The Rolling Stone interviews - Jann Wenner [147]
But I can barely, especially on a bad night like tonight, get through “Teen Spirit.” I literally want to throw my guitar down and walk away. I can’t pretend to have a good time playing it.
But you must have had a good time writing it.
We’d been practicing for about three months. We were waiting to sign to DGC, and Dave [Grohl] and I were living in Olympia [Washington], and Krist [Novoselic] was living in Tacoma [Washington]. We were driving up to Tacoma every night for practice, trying to write songs. I was trying to write the ultimate pop song. I was basically trying to rip off the Pixies. I have to admit it [smiles]. When I heard the Pixies for the first time, I connected with that band so heavily I should have been in that band—or at least in a Pixies cover band. We used their sense of dynamics, being soft and quiet and then loud and hard.
“Teen Spirit” was such a clichéd riff. It was so close to a Boston riff or “Louie, Louie.” When I came up with the guitar part, Krist looked at me and said, “That is so ridiculous.” I made the band play it for an hour and a half.
Where did the line “Here we are now, entertain us” come from?
That came from something I used to say every time I used to walk into a party to break the ice. A lot of times, when you’re standing around with people in a room, it’s really boring and uncomfortable. So it was, “Well, here we are, entertain us. You invited us here.”
How did it feel to watch something you’d written in fun, in homage to one of your favorite bands, become the grunge national anthem, not to mention a defining moment in youth marketing?
Actually, we did have our own thing for a while. For a few years in Seattle, it was the Summer of Love, and it was so great. To be able to just jump out on top of the crowd with my guitar and be held up and pushed to the back of the room, and then brought back with no harm done to me—it was a celebration of something that no one could put their finger on.
But once it got into the mainstream, it was over. I’m just tired of being embarrassed by it. I’m beyond that.
This is the first U.S. tour you’ve done since the fall of ’91, just before ‘Nevermind’ exploded. Why did you stay off the road for so long?
I needed time to collect my thoughts and readjust. It hit me so hard, and I was under the impression that I didn’t really need to go on tour, because I was making a whole bunch of money. Millions of dollars. Eight million to 10 million records sold—that sounded like a lot of money to me. So I thought I would sit back and enjoy it.
I don’t want to use this as an excuse, and it’s come up so many times, but my stomach ailment has been one of the biggest barriers that stopped us from touring. I was dealing with it for a long time. But after a person experiences chronic pain for five years, by the time that fifth year ends, you’re literally insane.

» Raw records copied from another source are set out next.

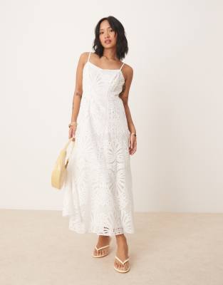 Forever New Petite embroidered broderie midaxi dress in porcelain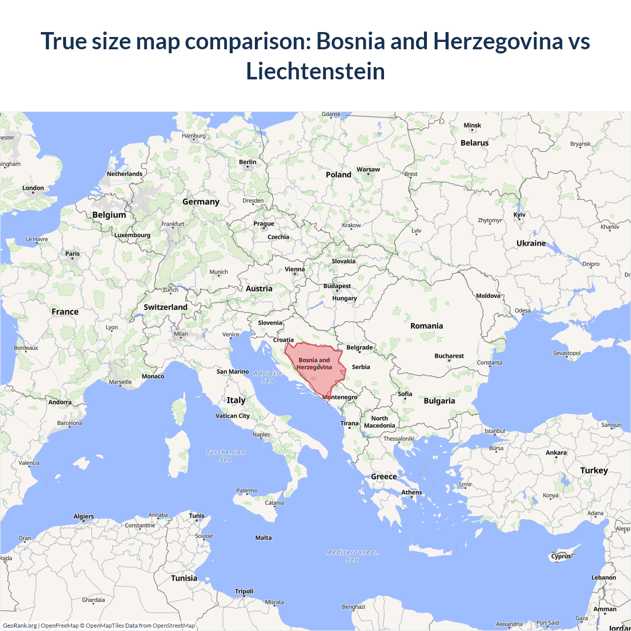 Bosnia and Herzegovina vs Liechtenstein size on the map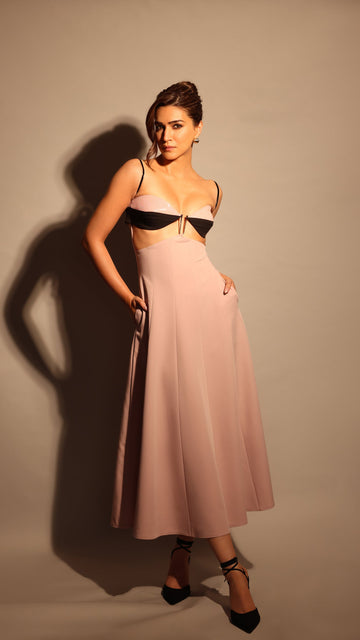 Featuring an A-line dress with a dual-tone cup strap bralette attached to a pink paneled high waist ankle length skirt put together with a sleek U metal trim.HIGHLIGHTS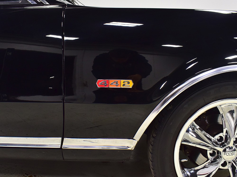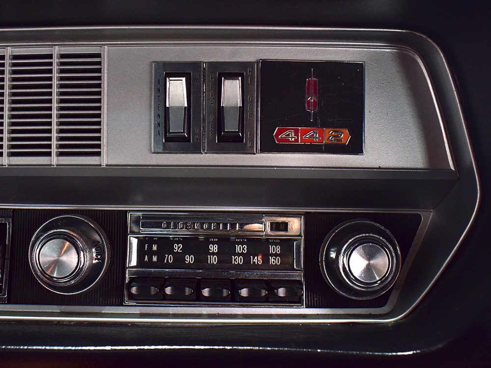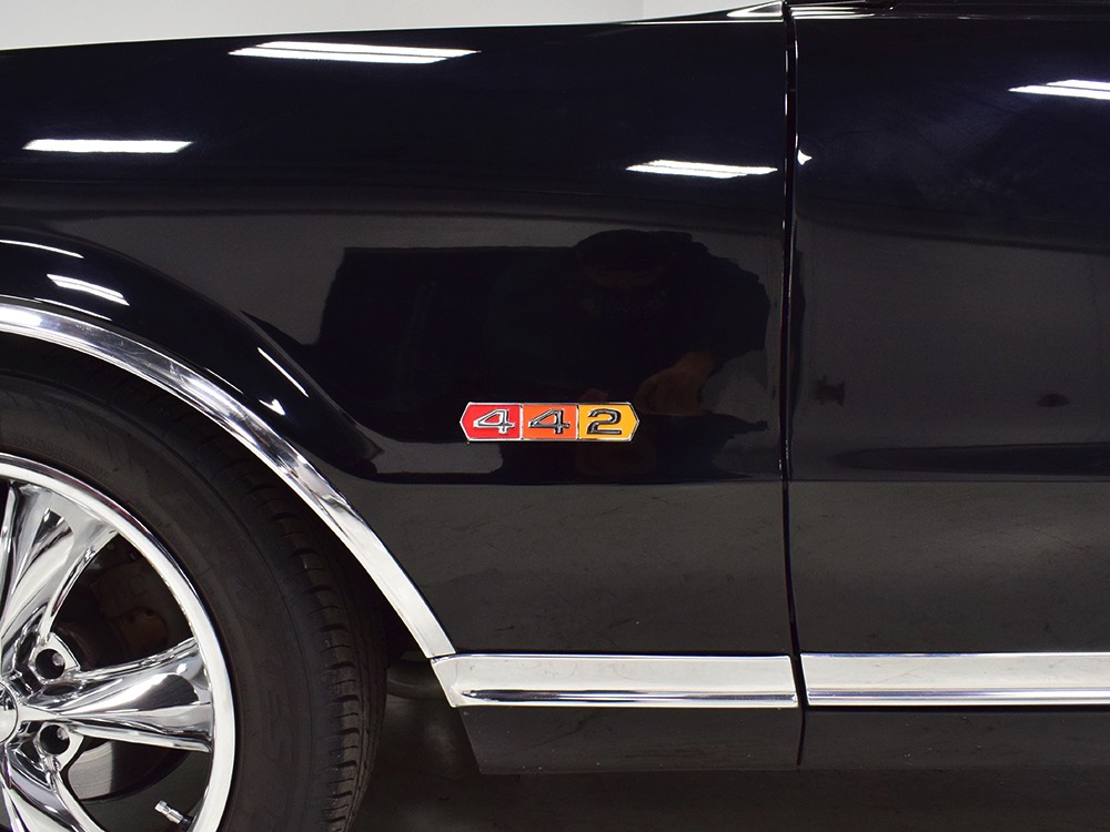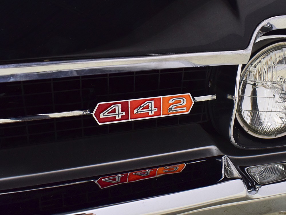 Part of the 442’s appeal comes from the generous helpings of chrome. Check out the beautifully restored bumpers and how tightly they fit to the body, the simple grille with tri-color 442 emblems, and the stainless trim that highlights the fender openings and rockers. The 442 was still a trim package on the Cutlass Supreme, so the standard “CS” emblem is on the trunk with the smaller 442 badge in place but not really advertising in a big way—grownups don’t need to shout. Remember what Teddy Roosevelt said about “walk softly and carry a big stick.”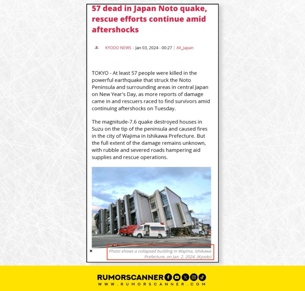 হেলে পড়া একটি ভবনের ছবি গত ০৬ জানুয়ারির ভূমিকম্প সংক্রান্ত প্রতিবেদনে ব্যবহার করা হয়। তবে অনুসন্ধানে টোকিওভিত্তিক সংবাদ সংস্থা কিয়োদো নিউজের ওয়েবসাইটে ২০২৪ সালে প্রকাশিত একটি প্রতিবেদনে একই ছবির সন্ধান পাওয়া যায়। ওই প্রতিবেদনের বিবরণ অনুযায়ী, ছবিটি ২০২৪ সালের ০২ জানুয়ারি জাপানের ইশিকাওয়া প্রিফেকচারের ওয়াজিমা শহরে ভূমিকম্পে ক্ষতিগ্রস্ত হয়ে হেলে পড়া একটি ভবনের দৃশ্য।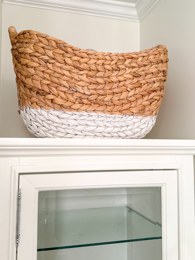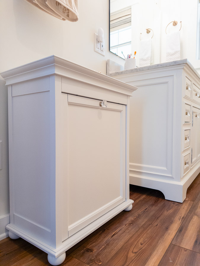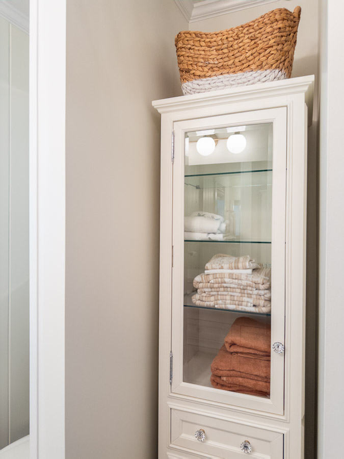 An apothecary cabinet added charm and hidden storage. Now she has a place to store towels and so much more. We added hyacinth baskets to the shelves behind the glass to hide unsightly items.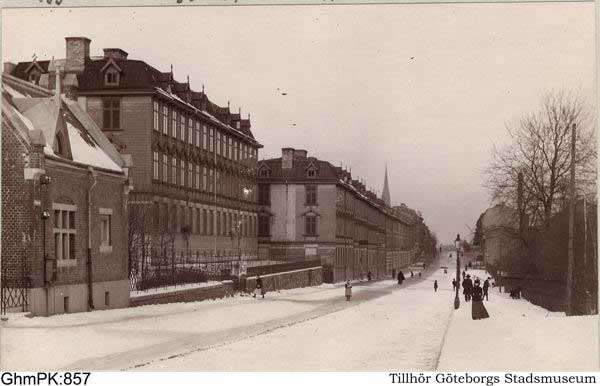 Vegagatan, parti mot norr. Närmast till vänster nr 55, portvaktsbostaden till ålderdomshemmet vid Slottsskogen. Därefter på samma sida följer fastigheten nr 51-53 och därefter nr 49, 47, o.s.v.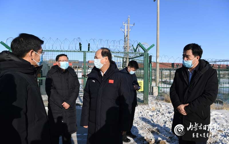 2月4日,自治區(qū)黨委書記、人大常委會主任石泰峰來到二連浩特市環(huán)宇物流園區(qū),了解疫情防控和作業(yè)運(yùn)行情況。內(nèi)蒙古日報(bào)社融媒體記者袁永紅攝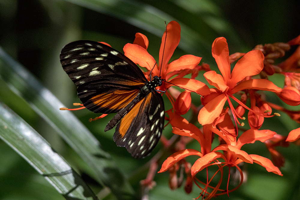 Once inside, we found ourselves surrounded by hundreds of fluttering butterflies in various shapes, sizes, and colors. Mexican blue wings, and various types of longwings were abundant, but my favorites were the blue morphos and the malachites. Butterflies landed on our shirts, and I couldn’t help but feel a little bit magical as the fragile creatures filled my vision.

I couldn’t cope with anything. I was as schizophrenic as a wet cat that’s been beaten.
How much of that physical pain do you think you channeled into your songwriting?
That’s a scary question, because obviously if a person is having some kind of turmoil in their lives, it’s usually reflected in the music, and sometimes it’s pretty beneficial. I think it probably helped. But I would give up everything to have good health. I wanted to do this interview after we’d been on tour for a while, and so far, this has been the most enjoyable tour I’ve ever had. Honestly.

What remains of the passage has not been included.